The ARC-AGI benchmark measures how well AI systems perform abstract reasoning after which generalize from only a few examples using grid-based visual puzzles. ARC-AGI-2 is a harder, updated version that removes overlap with public training data. It’s explicitly designed to withstand shortcuts and brute-force memorization, making it a sharper test of true systematic abstraction.
The ARC-AGI benchmark has turn into probably the most closely watched indicators of real progress toward general reasoning in AI. Unlike typical machine learning benchmarks, ARC-AGI tasks can’t be solved through scale, memorization, or pattern scraping. Each puzzle is a tiny grid with only a handful of examples, forcing systems to infer abstract rules—and apply them to a brand-new test case. Scores on the more-difficult ARC-AGI-2 are widely viewed as a proxy for a way well an AI system can learn from almost nothing.
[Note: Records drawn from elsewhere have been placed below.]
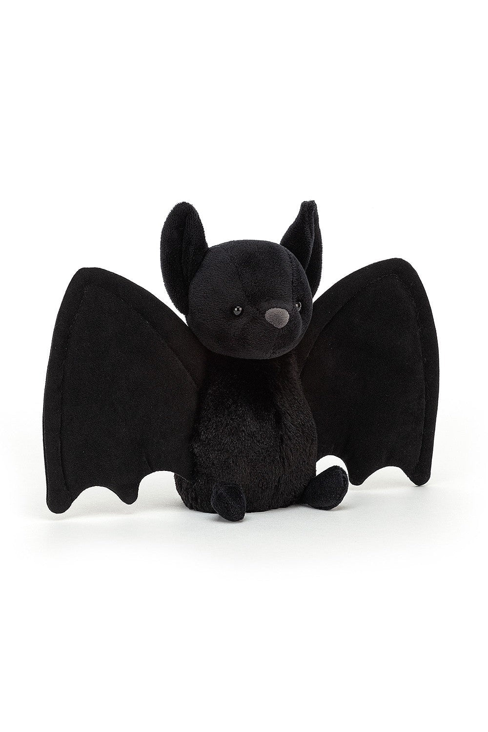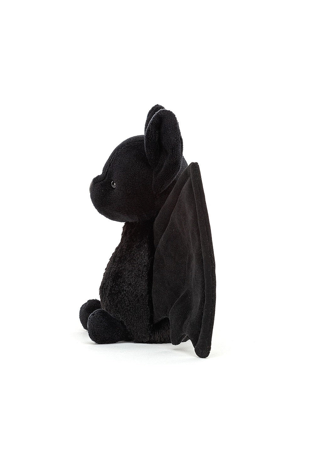 Bewitching Bat is a curious cutie, and loves to flit through the trees at dusk! This treacle treasure has a scrummy round tummy and stretchy-soft ears in inky black fur, as well as fine suedey wings and teeny-tiny feet. Zoom past the moon and listen out for moths!
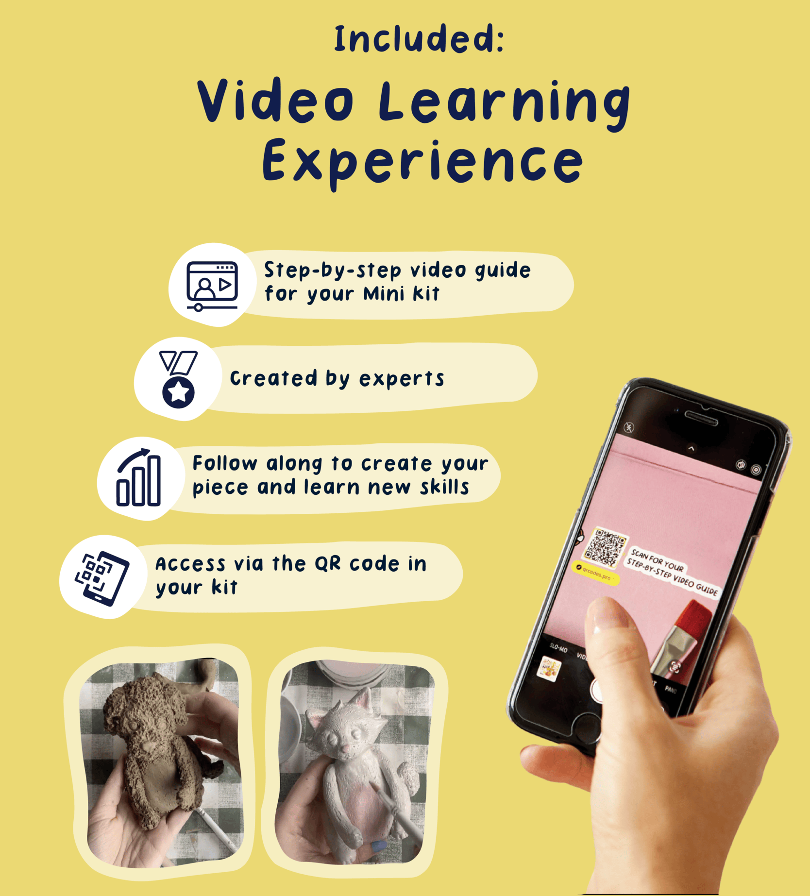 Scan the QR code on the sticker outside of your project box to access your online clay sculpting & painting video tutorials, helpful tips and care guide - all thoughtfully curated by our creative experts.
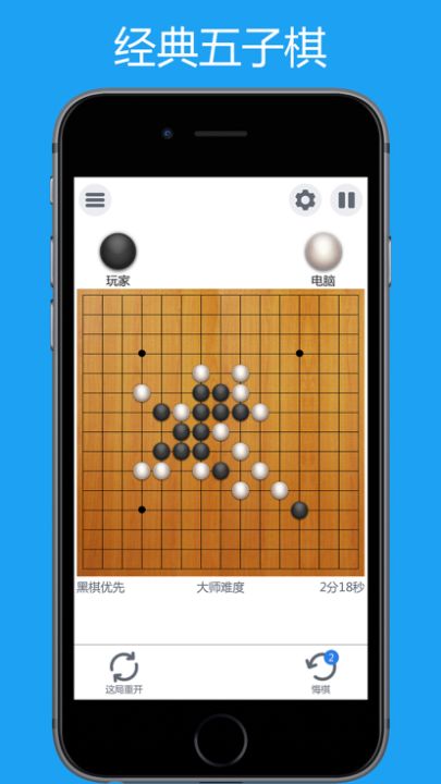 五子连珠,黑白两色攻守变换;

That’s why the Kaggle ARC Prize 2025 leaderboard matters: It’s essentially the most open, reproducible arena where researchers test AGI-style reasoning under strict compute and deadlines.
The winning NVIDIA NVARC solution wasn’t powered by giant models or brute-force search. As an alternative, it leaned on three ideas any developer can appreciate: synthetic data, test-time training, and disciplined engineering.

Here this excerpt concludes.